In sales effort research, attempts and made to find out ways and efforts by which opportunities can be exploited in successful way. It has three types, sales organization, channels and advertising. Advertising is the psychological connecting link between producer and buyers. Advertising research employs opinion test, split run test, leadership test and recall studies. Thus, market research is an essential part of marketing research and marketing research is a part of social research.
Marketing research procedure:
Research, from a marketing viewpoint, is the application of scientific methods and procedures in the study of marketing” problems, to furnish management with factual information, upon which to formulate better decisions and policies can be possible, for embracing the profit maximization goal of the business.
Marketing research process consists the interwoven and frequently overlapping five steps in proper sequence: probing the problem, research design, fieldwork, information analysis and preparation of the research report.

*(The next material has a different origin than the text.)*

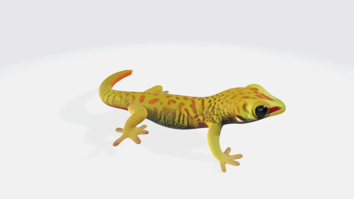 This is a highly detailed, realistic 3D model of a gecko lizard, ideal for wildlife scenes, educational visualizations, and high-end animations. The model captures the natural anatomy and texture of a real gecko with great accuracy, featuring lifelike proportions and a carefully crafted surface structure.

1. Definition and analysis is of course, the first step in the conduct of research. The researcher will have to determine the immediate as well as ultimate objectives for judging the relevancy of future study, try to secure information regarding the company and its, products, the market, competitors, the industry, market risk, distribution channels, advertising media, changes in consumers interest and income, etc., by different sources as library material, company internal and external records, trade papers and personal interviews.
After defining and analyzing the problem, the investigator attempts to procure mostly warranted acquaintance of the problem by informal exploration. The researcher can get general environmental information which throw light on the most critical issues for investigation. The informal and preliminary investigation may offer the solution to a problem, otherwise on the basis of these facts a working hypothesis may be formulated which is tested by formal investigation.
2. The problem definition and exploratory study stage should lead to the development of a clear and precise research designing. A research designs a master plan for conducting formal investigation. The marketing research manager faces a choice among various alternatives to accumulate the information that will fulfill the research goal.
The researcher must decide on the data collection method, research instrument, and sampling plan. A research study may need both primary and secondary data. Primary data is collected by researcher for the first time, while secondary data is already available for processing. Primary data can be assembled through a number of methods such as survey and observation or experimental method.
The researcher has to design an authentic research instrument to collect the information. The observation methods makes the use of such instruments as tape recorders, cameras and tally sheets, while the survey method and to some extent the experimental method commonly use questionnaires and schedules. All the work carried out by market researches involves sampling explicitly or implicitly.
The quantum of work is always limited by shortage of time and resources. Sampling is based on the law of statistical regularity and the law of inertia of large number of items from the into to group called the population or universe: In marketing, a sample is a selection of particular segment of the market and it is the focus for taking marketing decisions which can be applied to the entire market containing a population of many millions.
There are different types of samples, e.g., deliberate, random, stratified, quota, area and extensive samples. The final issue is sampling media whether the target population should be reached by mail, telephone or personal face-to-face interviews.
3. Thereafter the research design has been finalized the marketing research department will embark upon the task of collecting the data by fieldwork. The field operation includes the selection, training, control and evaluation of the number of the field force.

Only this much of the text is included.